All `DataToolsError` subclasses extend stdlib `ValueError` or `OSError` so existing handlers still catch them.
## Tests
```bash
# All
pytest -q
# By module
pytest tests/test_dedup.py
# Include slow / integration
pytest -m slow
# Single test
pytest tests/test_dedup.py::TestExactMatch::test_basic
```
Test layout:
```
tests/
├── conftest.py # fixtures
├── test_dedup.py · test_normalizers.py · test_io.py · test_config.py
├── test_analyze.py · test_normalize.py · test_text_clean.py
├── test_format_standardize.py
├── test_format_standardize_corpus.py # 199-row buyer corpus
├── test_audit_fixes.py · test_errors.py · test_fixes_unit.py
├── test_corpus.py · test_encodings_corpus.py · test_fixtures_sweep.py
└── test_cli.py · test_cli_*.py · test_e2e.py · test_install.py
```
Fixture corpora: `test-cases/text-cleaner-corpus/` (21 files) · `test-cases/encodings-corpus/` (31 files) · `test-cases/format-cleaner-corpus/` (7 files + spec).
## Known limitations
- **Dedup is O(n²)** — no blocking. Works to ~50k rows. Future: partition by first letter / ZIP prefix.
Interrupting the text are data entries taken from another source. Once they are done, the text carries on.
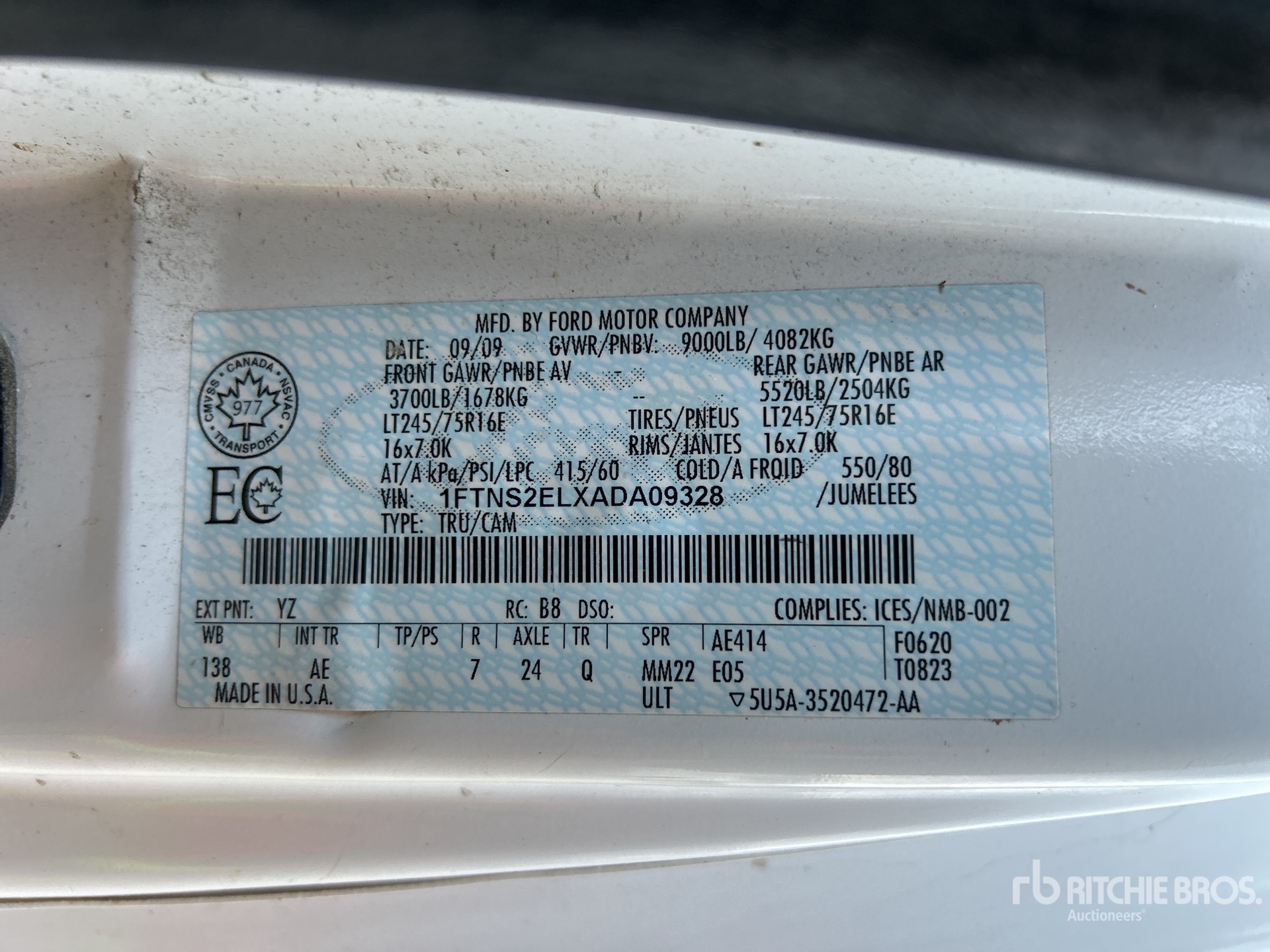 V8 5.4 L Gasoline Engine, 2010 US EPA Label, Automatic Transmission, 3700 lb Front Axle, 5520 lb Rears, 4082 kg GVWR, 245/75R16, Spring Suspension, 138 in Wheelbase, Center Mounted, One-Person Telescopic Boom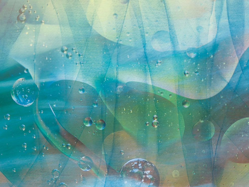 A textured overlay of soft hues of blue and green with layers of movement and dew drops.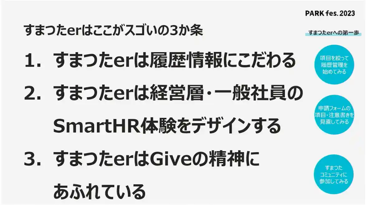SmartHRを使いたおす会社はここがすごい!の3か条|PARK すまつたコミュニティ【PARK fes.2023イベントレポート】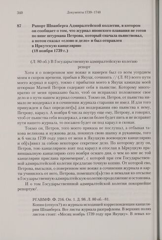 Рапорт Шпанберга Адмиралтейской коллегии, в котором он сообщает о том, что журнал японского плавания не готов по вине штурмана Петрова, который сначала пьянствовал, а потом сказал «слово и дело» и был отправлен в Иркутскую канцелярию. 18 ноября 1739 г. // РГАВМФ. Ф. 216. Оп. 1. Д. 98. Л. 80 об-81. РГАВМФ. Ф. 212. Оп. 11. Д. 774.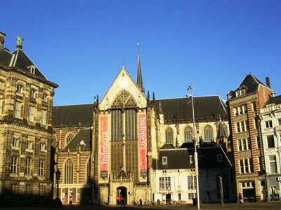 達(dá)姆廣場(chǎng)的西南側(cè)是晚期歌特式的新教堂,其實(shí)也是15世紀(jì)的建筑。新教堂由于1815年以來(lái)荷蘭的歷代國(guó)王和女王都在此舉行加冕儀式而聞名。1980年現(xiàn)任女王貝婭特麗克絲即在此即位?,F(xiàn)任荷蘭王儲(chǔ)亞歷山大在此與阿根廷姑娘索雷吉耶舉行了隆重的婚禮,并在阿姆斯特丹股票交易所舉辦婚宴,最后登上王宮的陽(yáng)臺(tái)上接受民眾歡呼。

- **Single-threaded** — could benefit from `multiprocessing`.
- **Memory-bound** — entire file loaded into pandas. Streaming reads exist but not integrated with dedup engine.
- **No multi-sheet dedup** — each Excel sheet processed independently.
- **Phonenumbers minimum-length** — international numbers without country codes fall back to digits-only.